List, Dict, and Set Comprehensions
Comprehensions let you build collections from existing data in a single, readable line. They replace verbose for loops with expressions that are both cleaner and faster. Once you see how they work, you’ll reach for them constantly.
This tutorial covers list comprehensions first since they’re the most common, then shows how the same pattern applies to dictionaries and sets.
List Comprehensions
A list comprehension creates a new list by transforming or filtering an existing iterable. The basic syntax has three parts: the expression, the iteration, and an optional condition.
# Traditional for loop
squares = []
for x in range(10):
squares.append(x ** 2)
# List comprehension — same result, fewer lines
squares = [x ** 2 for x in range(10)]
print(squares)
# [0, 1, 4, 9, 16, 25, 36, 49, 64, 81]
Read it left to right: “x squared, for each x in range(10).” That reading direction matches how Python evaluates the comprehension.
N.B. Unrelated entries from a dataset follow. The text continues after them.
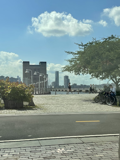 The spot itself isn’t exactly a tourist attraction, but it’s one of those places you stumble upon and go, “Damn, that’s actually pretty awesome.” Especially at sunset, when the light hits the brick and the skyline reflects off the Hudson — there’s a strange beauty to it.
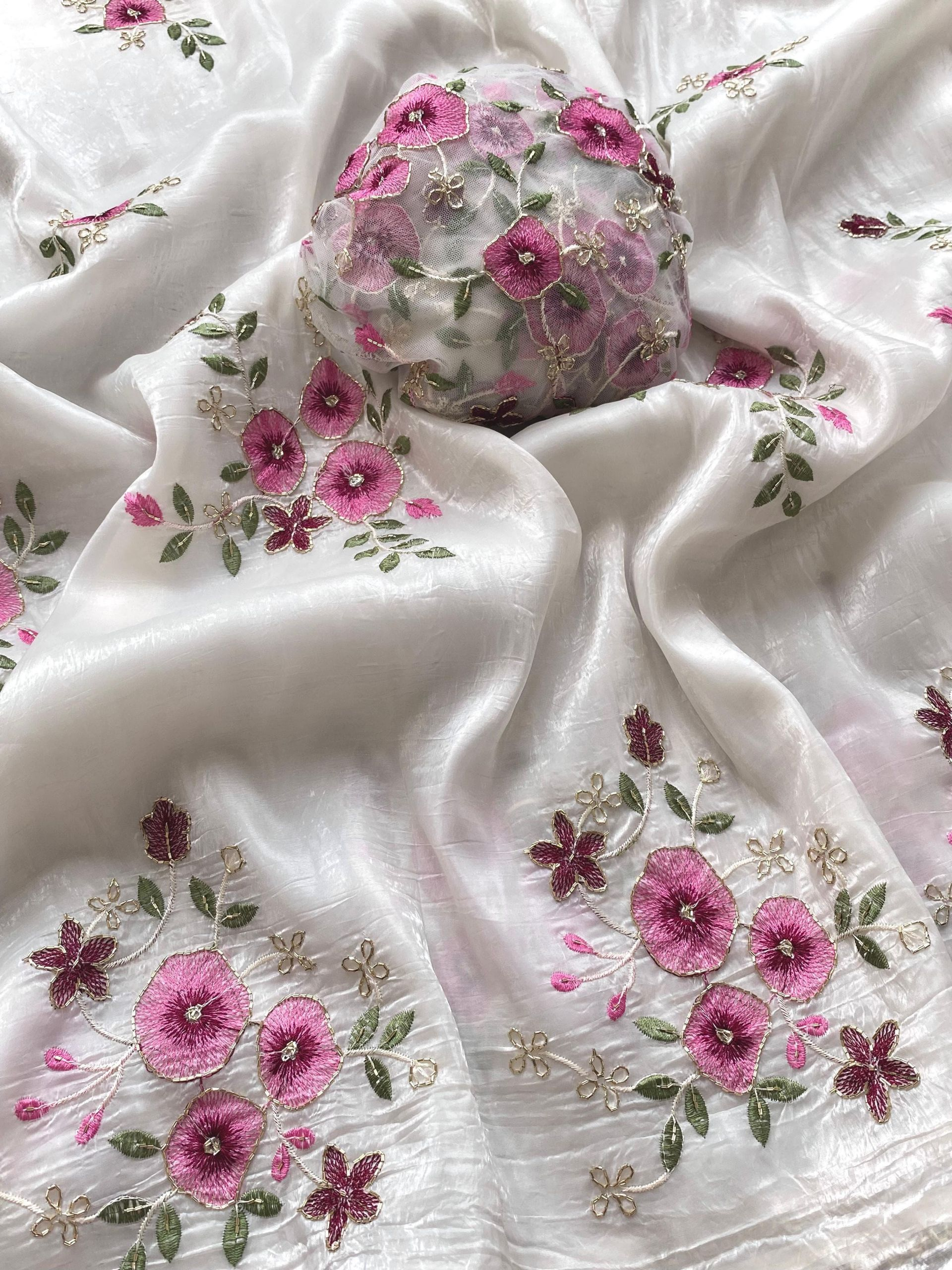 Elegant crush silk saree with beautiful Handwork floral embroidery
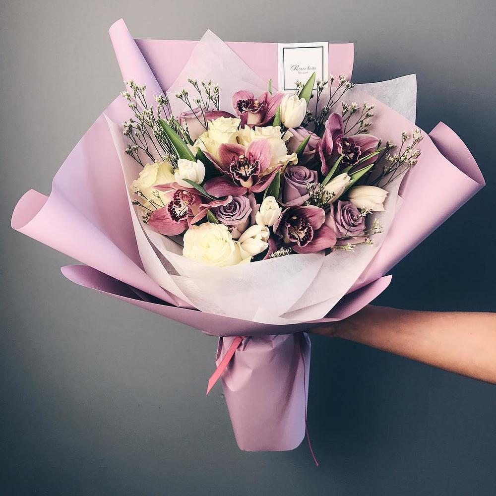 Лимониум – 2 шт.Фисташка – 3 шт.Орхидеи – 5 шт.тюльпаны – 6 шт.розы сиреневые – 5 шт.розы белые – 4 шт.
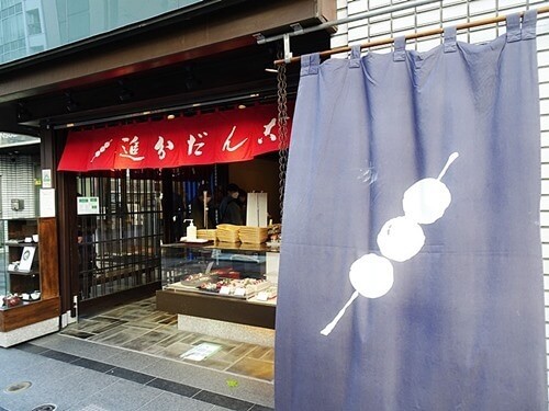 「追分だんご本舗」で、「みたらしだんご」を4本と、「こしあんだんご」を2本買った。そして先を急ぐ。その先の右側は文房具や画材用品で有名な「世界堂」がある。

The expression on the left is applied to every element produced by the iteration on the right. This left-to-right flow is one reason comprehensions feel more natural than the equivalent for-loop once you get comfortable with the syntax.
Filtering with Conditions
An if clause at the end of a comprehension is a filter, keeping only the elements that satisfy the condition. The filtering happens during iteration rather than afterward, which means the comprehension never builds intermediate lists that get thrown away.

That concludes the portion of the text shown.